*** Opening of ENTRIES PROVIDED ***

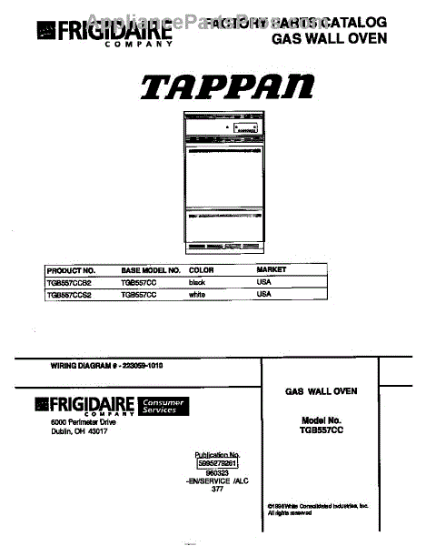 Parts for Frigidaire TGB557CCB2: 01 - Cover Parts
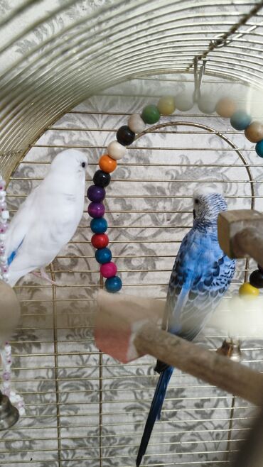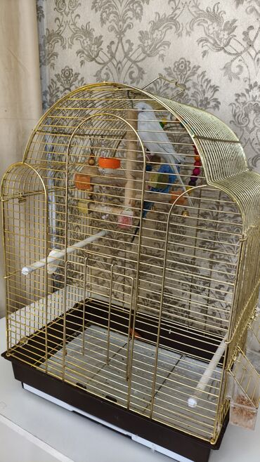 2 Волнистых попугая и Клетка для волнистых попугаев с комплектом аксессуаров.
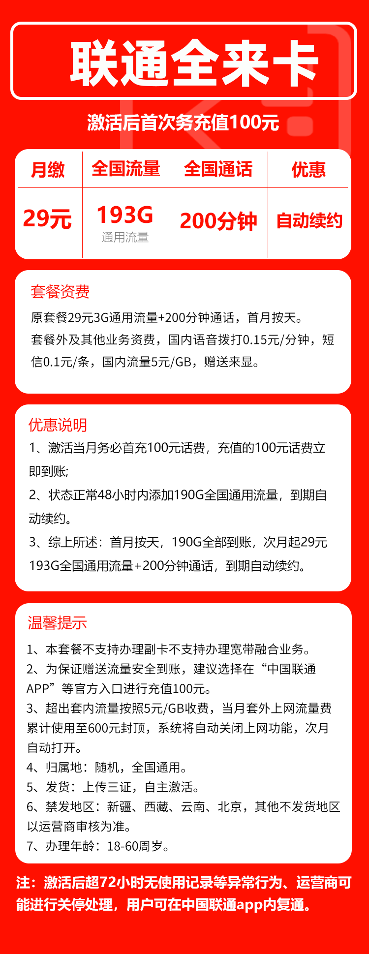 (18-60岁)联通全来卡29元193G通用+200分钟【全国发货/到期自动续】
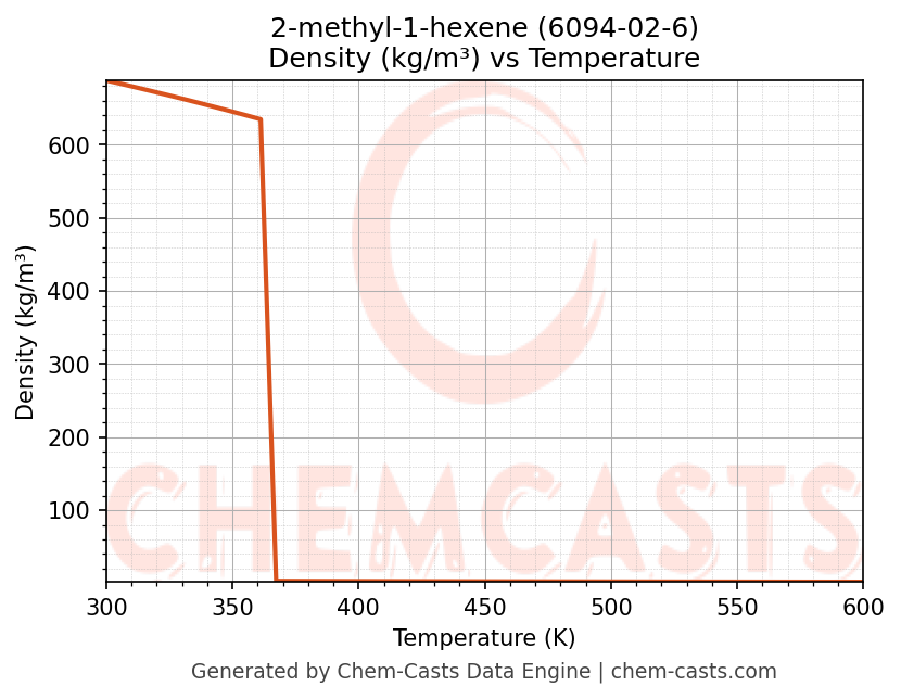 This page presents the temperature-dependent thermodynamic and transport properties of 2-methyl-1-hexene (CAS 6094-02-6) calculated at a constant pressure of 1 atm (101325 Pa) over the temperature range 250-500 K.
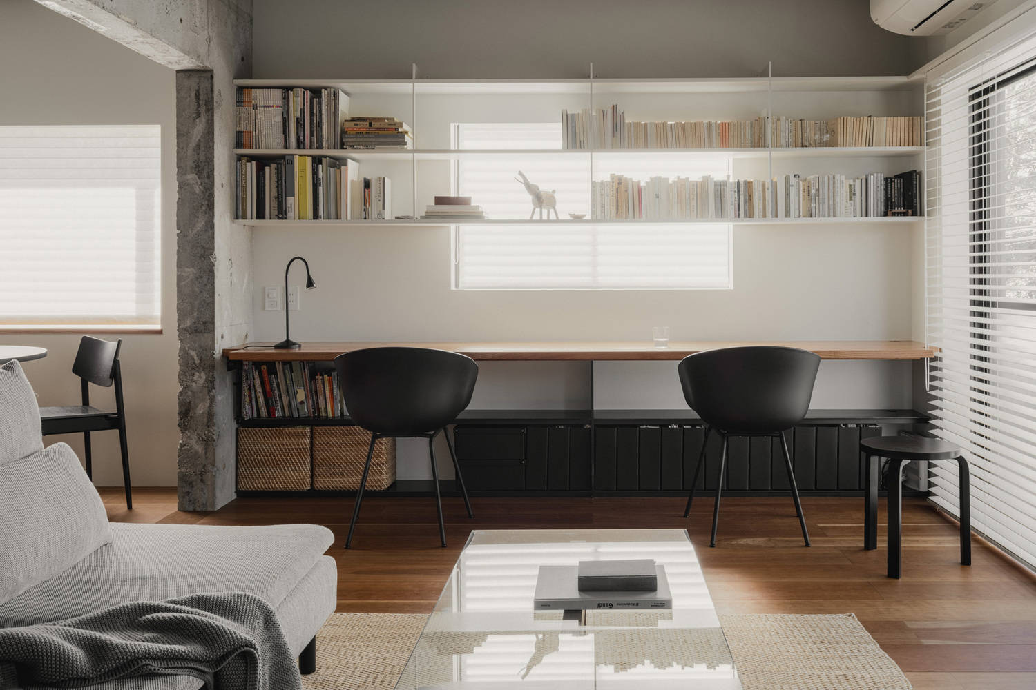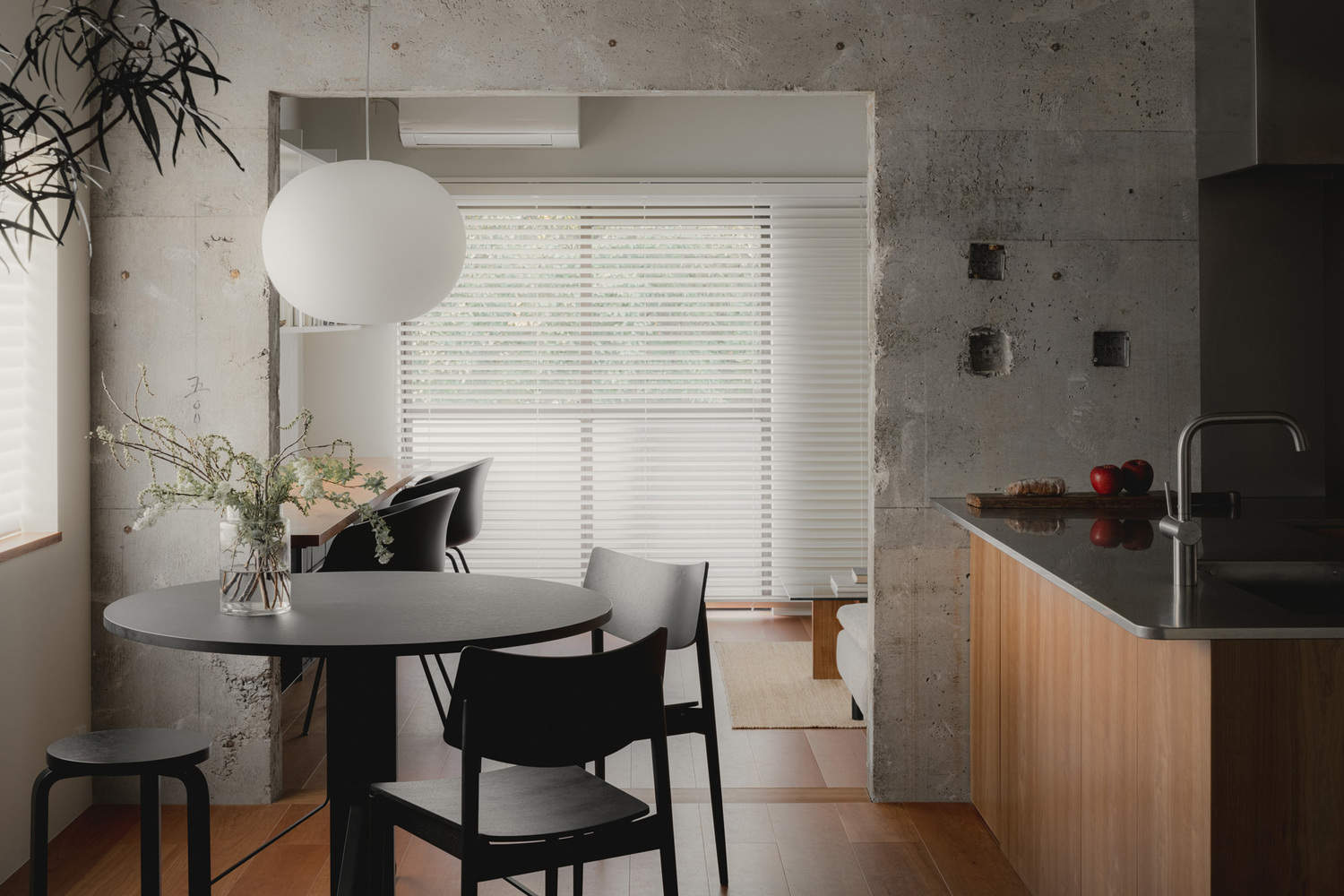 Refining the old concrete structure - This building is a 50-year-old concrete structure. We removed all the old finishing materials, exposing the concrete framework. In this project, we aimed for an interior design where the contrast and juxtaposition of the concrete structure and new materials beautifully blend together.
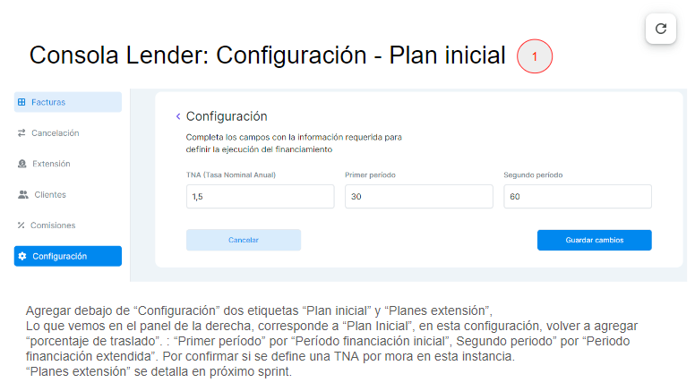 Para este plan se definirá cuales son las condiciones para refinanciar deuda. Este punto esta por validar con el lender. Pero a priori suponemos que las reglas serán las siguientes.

*** Close of ENTRIES PROVIDED ***

Start at the line above containing "2 Волнистых попугая" and stop at the line containing "This page presents": print those lines and everything between them exactly, but not the pictures.

 2 Волнистых попугая и Клетка для волнистых попугаев с комплектом аксессуаров.
 (18-60岁)联通全来卡29元193G通用+200分钟【全国发货/到期自动续】
 This page presents the temperature-dependent thermodynamic and transport properties of 2-methyl-1-hexene (CAS 6094-02-6) calculated at a constant pressure of 1 atm (101325 Pa) over the temperature range 250-500 K.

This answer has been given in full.